*What is required*:
Nothing but the exact text of the entries should appear in your answer; pictures stay out.

*Given entries*:
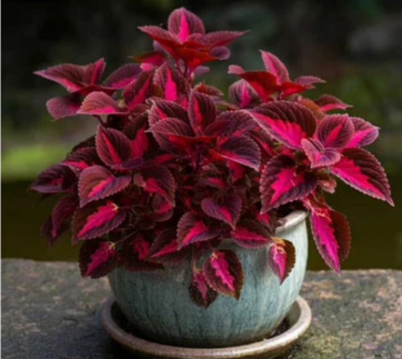 The color of Coleus leaves is a mix of pink, orange, green, yellow, or red. This brightly-colored shrub grows best in bright and indirect light.
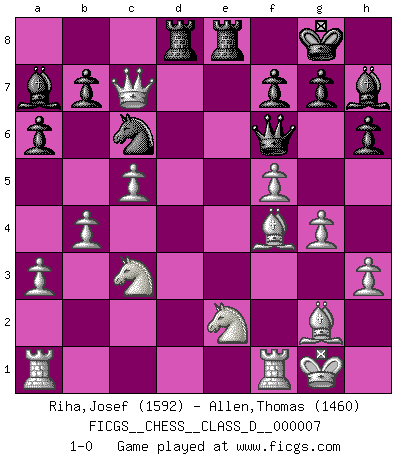 Last move : 1-0 2006 November 3 8:53:36 [Event "FICGS__CHESS__CLASS_D__000007"] [Site "FICGS"] [Date "2006.07.14"] [Round "1"] [White "Riha,Josef"] [Black "Allen,Thomas"] [Result "1-0"] [WhiteElo "1592"] [BlackElo "1460"] 1.c4 e5 2.g3 Nf6 3.Bg2 Nc6 4.Nc3 Bc5 5.a3 a6 6.e3 O-O 7.Nge2 d6 8.O-O Bg4 9.h3 Bh5 10.g4 Bg6 11.d4 exd4 12.exd4 Ba7 13.f4 h6 14.f5 Bh7 15.b4 Re8 16.Bf4 Nd7 17.c5 dxc5 18.dxc5 Qf6 19.Qxd7 Rad8 20.Qxc7 1-0 This chess game has been lost on time (started : 2006.07.14 18:32:41) English Opening Kingside Castling by player Black (move 6) Kingside Castling by player White (move 8) Player White won this chess game. Follow this game move after move (download)Of Chess it has been said that life is not long enough for it, but that is the fault of life, not Chess. (William Ewart Napier) In der Schule lernt man nichts. Es ist nur Zeitverschwendung. (Robert James Fischer) Cuando tu no sabes absolutamente que mas hacer, es tiempo de entrar en pánico. (John van der Wiel) Toutes choses étant égales, c'est la conviction qui gagne. Alliée à une volonté de vaincre, elle sert de détonateur, suscite des idées, disperse les doutes et aide à penser clairement. (Robert Fischer) The Internet is the world's largest library. It's just that all the books are on the floor. (John Allen Paulos)
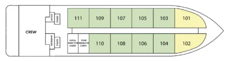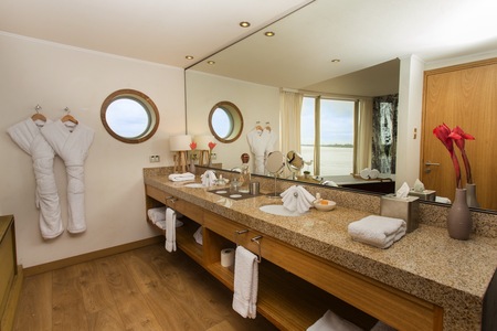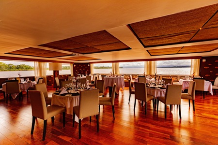 This spacious and indulgent ship boasts an intimate atmosphere with only 22 suites, allowing a maximum of 44 guests on board. Each of these luxury suites features en-suite sitting areas, individual air conditioning, polished and sustainable wood flooring, and floor-to-ceiling panoramic windows that frame the Amazon Jungle in the backdrop.
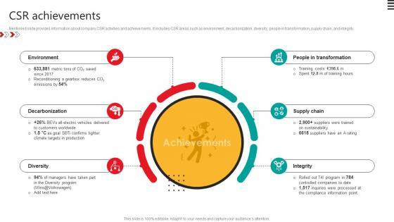 Mentioned slide provides information about company CSR activities and achievements. It includes CSR areas such as environment, decarbonization, diversity, people in transformation, supply chain, and integrity. From laying roadmaps to briefing everything in detail, our templates are perfect for you. You can set the stage with your presentation slides. All you have to do is download these easy-to-edit and customizable templates. CSR Achievements Automobile Development Company Profile CP SS V will help you deliver an outstanding performance that everyone would remember and praise you for. Do download this presentation today. Mentioned slide provides information about company CSR activities and achievements. It includes CSR areas such as environment, decarbonization, diversity, people in transformation, supply chain, and integrity.
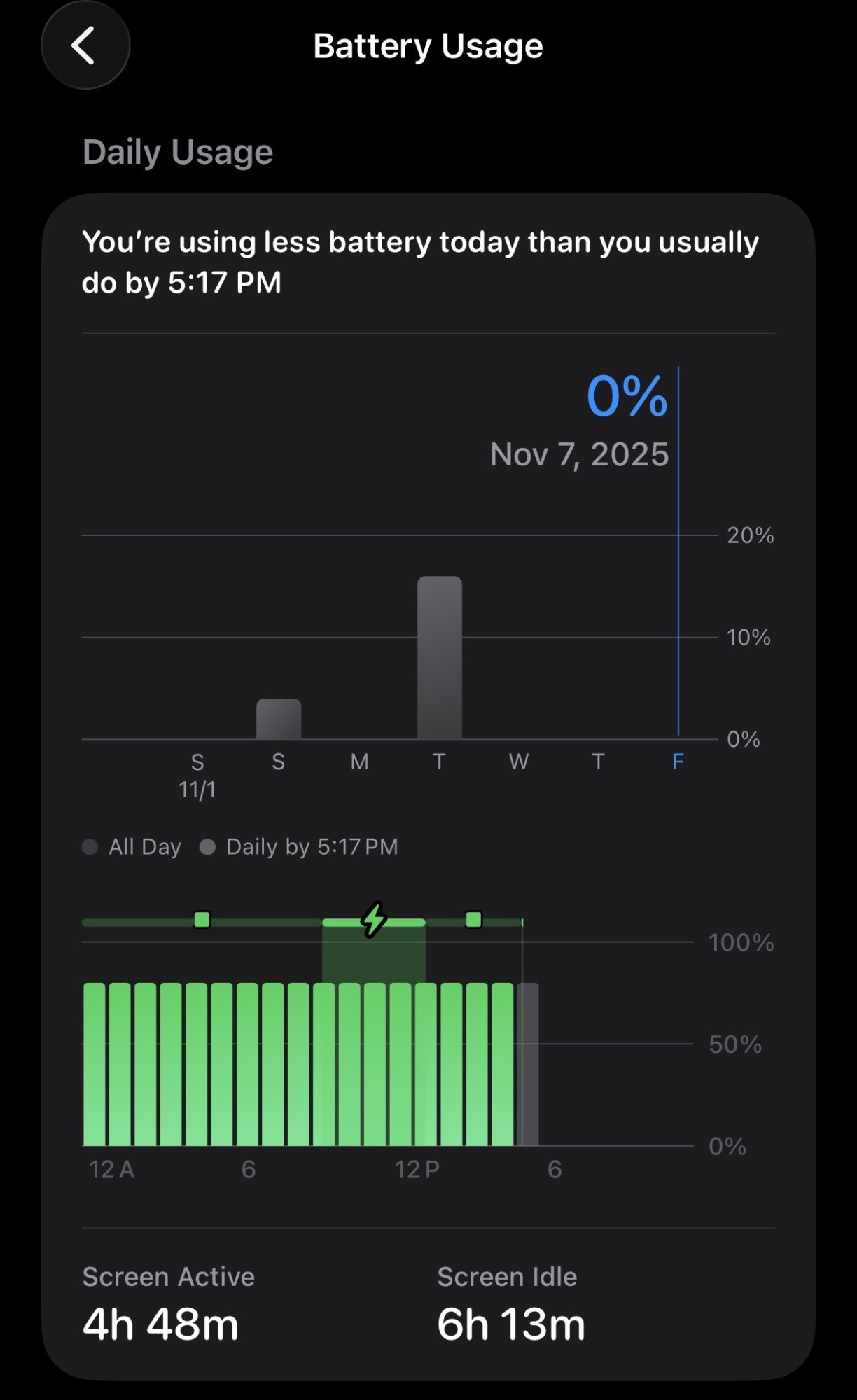 Just interesting observations. This doesn't bother me and it isn't ruining my day. This isn't normal usage for me - but I knew iOS 26 wasn't reporting battery right, and this kind of confirms it to me.
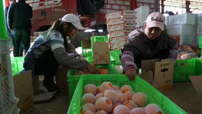 在基地里,工人们将一个个硕大金黄、散发着沁人清香的沃柑剪下,细致挑选、打包装箱、发货。与往年相比,今年基地积极拓展线上销售模式,增加电商果的包装盒规格和种类,以满足消费者的不同需求,同时也扩大沃柑的销售市场。
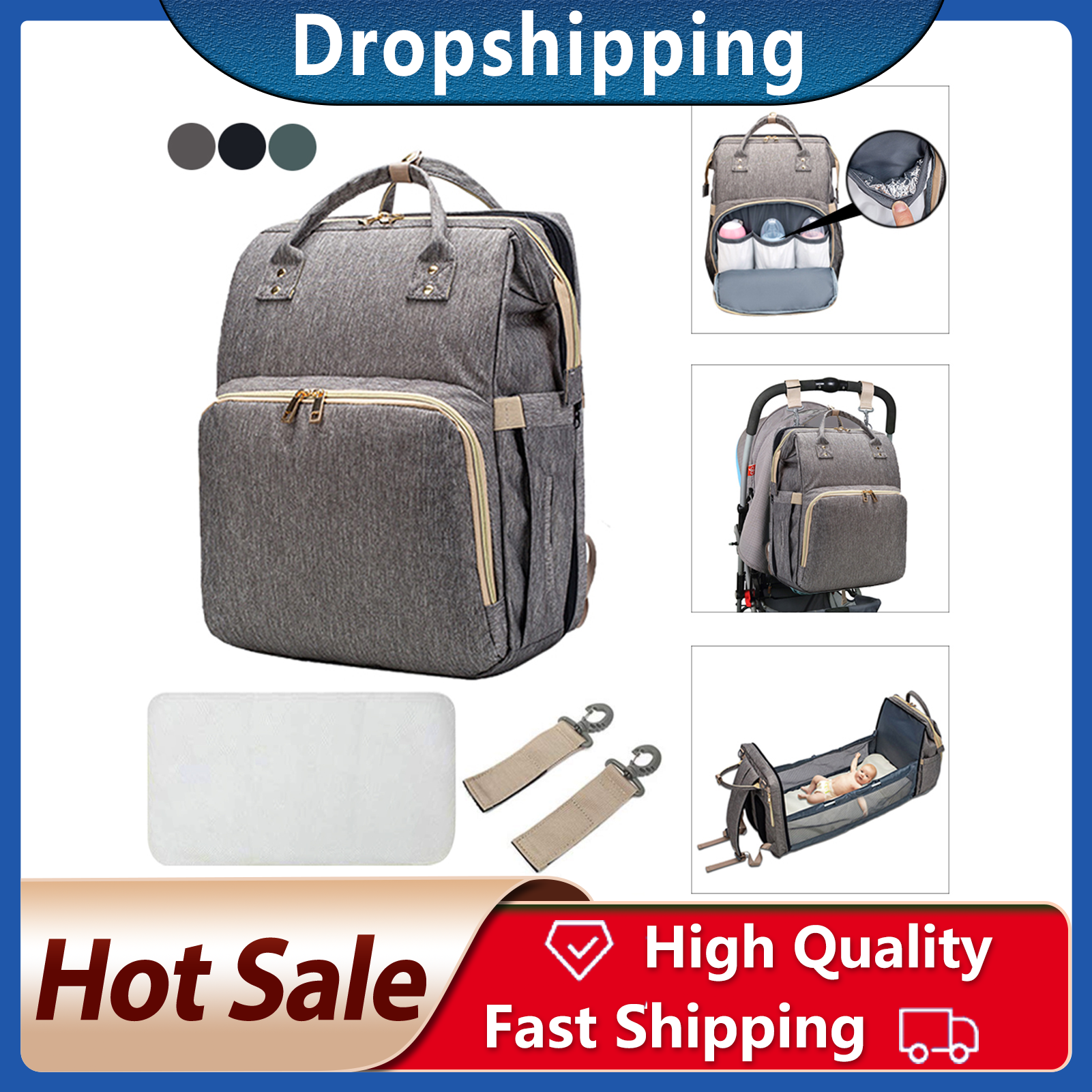 Specifications:Name: Multifunctional Baby Diaper BagAccessories: portable mattressMaterial: cationic fabric, PVC waterproof layer, pure cotton inner lining, aluminum foil thermal insulation cotton
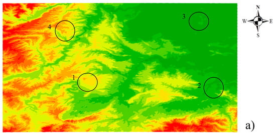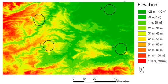 A reference DEM was downloaded from the Ordnance Survey web page [], which is the National British Mapping Agency of United Kingdom, also in grid format, with a spatial resolution of 50 m and the vertical datum Newlyn 1915. This DEM was used as a reference because, even though it has lower spatial resolution than SRTM 30: (1) it was obtained with photogrammetric approaches using large-scale aerial imagery; and (2) according to information available from the Ordnance Survey web page, it has a root mean square error (RMSE) of 4 m, computed using ground reference points, which is higher than the RMSE of SRTM 30, which was proven to be around 10 m, e.g., [,,]. Figure 3 shows the reference DEM and SRTM 30 for the study area. A closer analysis of Figure 3 enables the identification of some differences in both DEMs, for example, in the regions numbered from 1 to 4 identified by the black circles.
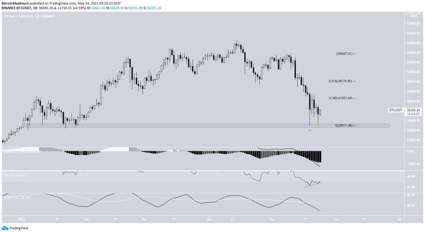 Der Tageschart liefert uns ebenfalls bärische Signale, der MACD befindet sich im negativen Bereich und der „Stochastic Oscillator“ fällt, der RSI befindet sich im überverkauften Bereich. Allerdings entwickelt sich gerade eine bullische Divergenz auf dem RSI, der gerade dabei ist, sich der 30-Linie anzunähern. Außerdem gab es, seitdem der RSI wieder ansteigt, zwei lange, untere Wicks zu sehen. Der Kaufdruck ist also momentan recht hoch. Die nächsten beiden Widerstandslevel liegen bei 41.200 USD und 48.200 USD (das 0.382- und das 0.618-Fib-Retracement-Level).
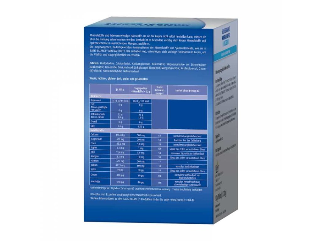 Minerály jsou životně důležité živiny. Protože si je tělo nedokáže vyrobit samostatně, musí být absorbovány potravou. Proto je zvláště důležité dodávat tělu dostatečné množství minerálních látek a stopových prvků. Vyvážené, vhodné kombinace minerálů a stopových prvků obsažené v BASIS BALANCE® MINERALS PUR podporují mnoho důležitých funkcí v těle za účelem udržení vitality a rovnováhy.

*Solution for this exercise*:
 The color of Coleus leaves is a mix of pink, orange, green, yellow, or red. This brightly-colored shrub grows best in bright and indirect light.
 Last move : 1-0 2006 November 3 8:53:36 [Event "FICGS__CHESS__CLASS_D__000007"] [Site "FICGS"] [Date "2006.07.14"] [Round "1"] [White "Riha,Josef"] [Black "Allen,Thomas"] [Result "1-0"] [WhiteElo "1592"] [BlackElo "1460"] 1.c4 e5 2.g3 Nf6 3.Bg2 Nc6 4.Nc3 Bc5 5.a3 a6 6.e3 O-O 7.Nge2 d6 8.O-O Bg4 9.h3 Bh5 10.g4 Bg6 11.d4 exd4 12.exd4 Ba7 13.f4 h6 14.f5 Bh7 15.b4 Re8 16.Bf4 Nd7 17.c5 dxc5 18.dxc5 Qf6 19.Qxd7 Rad8 20.Qxc7 1-0 This chess game has been lost on time (started : 2006.07.14 18:32:41) English Opening Kingside Castling by player Black (move 6) Kingside Castling by player White (move 8) Player White won this chess game. Follow this game move after move (download)Of Chess it has been said that life is not long enough for it, but that is the fault of life, not Chess. (William Ewart Napier) In der Schule lernt man nichts. Es ist nur Zeitverschwendung. (Robert James Fischer) Cuando tu no sabes absolutamente que mas hacer, es tiempo de entrar en pánico. (John van der Wiel) Toutes choses étant égales, c'est la conviction qui gagne. Alliée à une volonté de vaincre, elle sert de détonateur, suscite des idées, disperse les doutes et aide à penser clairement. (Robert Fischer) The Internet is the world's largest library. It's just that all the books are on the floor. (John Allen Paulos)
 This spacious and indulgent ship boasts an intimate atmosphere with only 22 suites, allowing a maximum of 44 guests on board. Each of these luxury suites features en-suite sitting areas, individual air conditioning, polished and sustainable wood flooring, and floor-to-ceiling panoramic windows that frame the Amazon Jungle in the backdrop.
 Mentioned slide provides information about company CSR activities and achievements. It includes CSR areas such as environment, decarbonization, diversity, people in transformation, supply chain, and integrity. From laying roadmaps to briefing everything in detail, our templates are perfect for you. You can set the stage with your presentation slides. All you have to do is download these easy-to-edit and customizable templates. CSR Achievements Automobile Development Company Profile CP SS V will help you deliver an outstanding performance that everyone would remember and praise you for. Do download this presentation today. Mentioned slide provides information about company CSR activities and achievements. It includes CSR areas such as environment, decarbonization, diversity, people in transformation, supply chain, and integrity.
 Just interesting observations. This doesn't bother me and it isn't ruining my day. This isn't normal usage for me - but I knew iOS 26 wasn't reporting battery right, and this kind of confirms it to me.
 在基地里,工人们将一个个硕大金黄、散发着沁人清香的沃柑剪下,细致挑选、打包装箱、发货。与往年相比,今年基地积极拓展线上销售模式,增加电商果的包装盒规格和种类,以满足消费者的不同需求,同时也扩大沃柑的销售市场。
 Specifications:Name: Multifunctional Baby Diaper BagAccessories: portable mattressMaterial: cationic fabric, PVC waterproof layer, pure cotton inner lining, aluminum foil thermal insulation cotton
 A reference DEM was downloaded from the Ordnance Survey web page [], which is the National British Mapping Agency of United Kingdom, also in grid format, with a spatial resolution of 50 m and the vertical datum Newlyn 1915. This DEM was used as a reference because, even though it has lower spatial resolution than SRTM 30: (1) it was obtained with photogrammetric approaches using large-scale aerial imagery; and (2) according to information available from the Ordnance Survey web page, it has a root mean square error (RMSE) of 4 m, computed using ground reference points, which is higher than the RMSE of SRTM 30, which was proven to be around 10 m, e.g., [,,]. Figure 3 shows the reference DEM and SRTM 30 for the study area. A closer analysis of Figure 3 enables the identification of some differences in both DEMs, for example, in the regions numbered from 1 to 4 identified by the black circles.
 Der Tageschart liefert uns ebenfalls bärische Signale, der MACD befindet sich im negativen Bereich und der „Stochastic Oscillator“ fällt, der RSI befindet sich im überverkauften Bereich. Allerdings entwickelt sich gerade eine bullische Divergenz auf dem RSI, der gerade dabei ist, sich der 30-Linie anzunähern. Außerdem gab es, seitdem der RSI wieder ansteigt, zwei lange, untere Wicks zu sehen. Der Kaufdruck ist also momentan recht hoch. Die nächsten beiden Widerstandslevel liegen bei 41.200 USD und 48.200 USD (das 0.382- und das 0.618-Fib-Retracement-Level).
 Minerály jsou životně důležité živiny. Protože si je tělo nedokáže vyrobit samostatně, musí být absorbovány potravou. Proto je zvláště důležité dodávat tělu dostatečné množství minerálních látek a stopových prvků. Vyvážené, vhodné kombinace minerálů a stopových prvků obsažené v BASIS BALANCE® MINERALS PUR podporují mnoho důležitých funkcí v těle za účelem udržení vitality a rovnováhy.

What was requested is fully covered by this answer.